Median penalty for missing BAA: $100,000–$1.9M
Code Review Checklist
Before any PR touches PHI data paths, verify:
PHI Exposure:
□ No PHI in log statements (info, debug, error, warn)
□ No PHI in error messages returned to clients
□ No PHI in URL path parameters (use POST body)
□ No PHI in S3 object keys or resource tags
□ No PHI in CloudWatch metric names or dimensions
Encryption:
□ All PHI at rest uses AES-256 / KMS
□ All PHI in transit uses TLS 1.2+ (1.3 preferred)
□ No PHI in environment variables (use Secrets Manager)
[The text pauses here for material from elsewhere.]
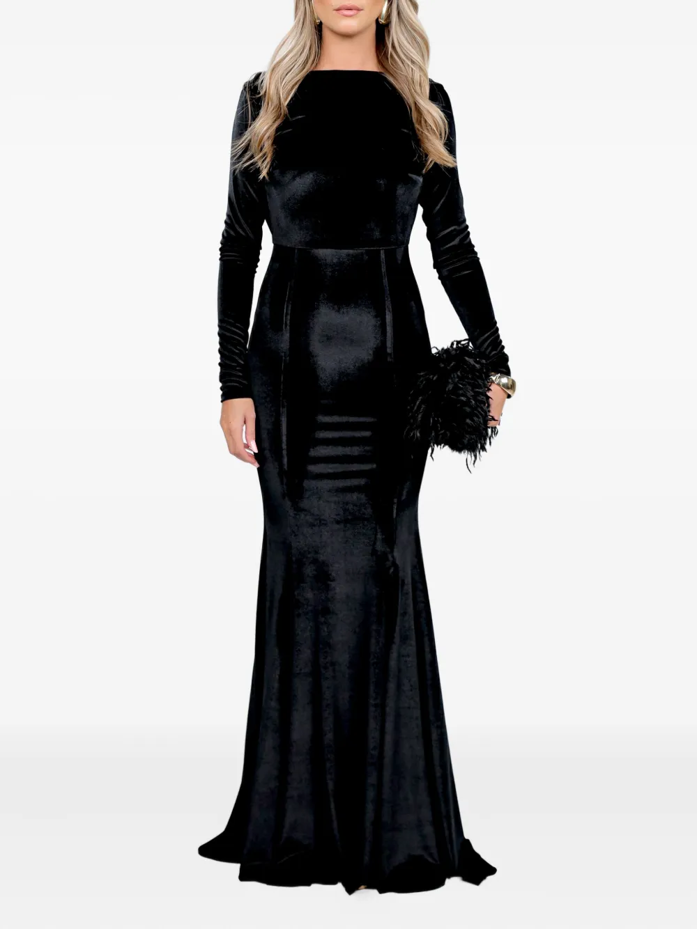 Черное платье с текстурированной отделкой, длинными рукавами, открытой спиной и длиной в пол

□ No hardcoded credentials or API keys
Access Control:
□ Minimum necessary access enforced at API layer
□ Role check before PHI retrieval, not after
□ Every PHI access produces an audit log entry
□ No shared service accounts touching PHI
Session Security:
□ Session timeout configured per environment
□ MFA enforced for all PHI-touching roles
□ Tokens expire within 15-60 minutes
□ Refresh tokens rotate on use
Dev/Test:
□ No real PHI in unit tests or integration tests
□ No real PHI in seed data or fixtures
□ No real PHI in CI/CD logs
Founder-Specific: Launch Readiness Checklist
See references/founder-hipaa-roadmap.md for the full timeline. Key gates:
Before first pilot with a covered entity:
- AWS BAA signed
- All vendor BAAs executed
- Privacy Policy and Terms of Service reviewed by healthcare attorney
- Risk Analysis documented (OCR's #1 cited deficiency)
- Encryption at rest and in transit verified
- Audit logging shipping to WORM-protected storage
Before first 100 patients:
- Penetration test completed
- Incident response plan written and tested
- Workforce training documented (all staff who touch PHI)
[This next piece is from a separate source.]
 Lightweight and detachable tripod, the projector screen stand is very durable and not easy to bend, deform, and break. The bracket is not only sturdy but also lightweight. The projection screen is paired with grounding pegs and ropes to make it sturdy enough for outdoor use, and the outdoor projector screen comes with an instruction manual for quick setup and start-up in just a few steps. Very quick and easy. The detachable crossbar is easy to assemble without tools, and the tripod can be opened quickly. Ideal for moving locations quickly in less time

- Business Associate Agreements template ready for customers
Ongoing:
- Vulnerability scanning every 6 months
- Pen test every 12 months
- Risk analysis review annually or after major changes
- Retain all documentation 6 years minimum
Quick Reference: Key Numbers
| Requirement | Value |
|---|---|
| Encryption at rest | AES-256 |
| TLS minimum | 1.2 (1.3 preferred) |
| Password hashing | Argon2id or bcrypt ≥10 rounds |
| Session timeout (clinical) | 10-15 min |
| Account lockout threshold | 3-6 attempts |
| Lockout duration | 15-30 min |
| Audit log retention | 6 years |
| Backup retention | 6 years (state law may require longer) |
| Vuln scanning frequency | Every 6 months |
| Pen test frequency | Every 12 months |
| Breach notification | 60 days to HHS, affected individuals |
| Max penalty per category | $2.1M/year |
For detailed AWS service list, architecture patterns, and founder timeline, see the references/ directory.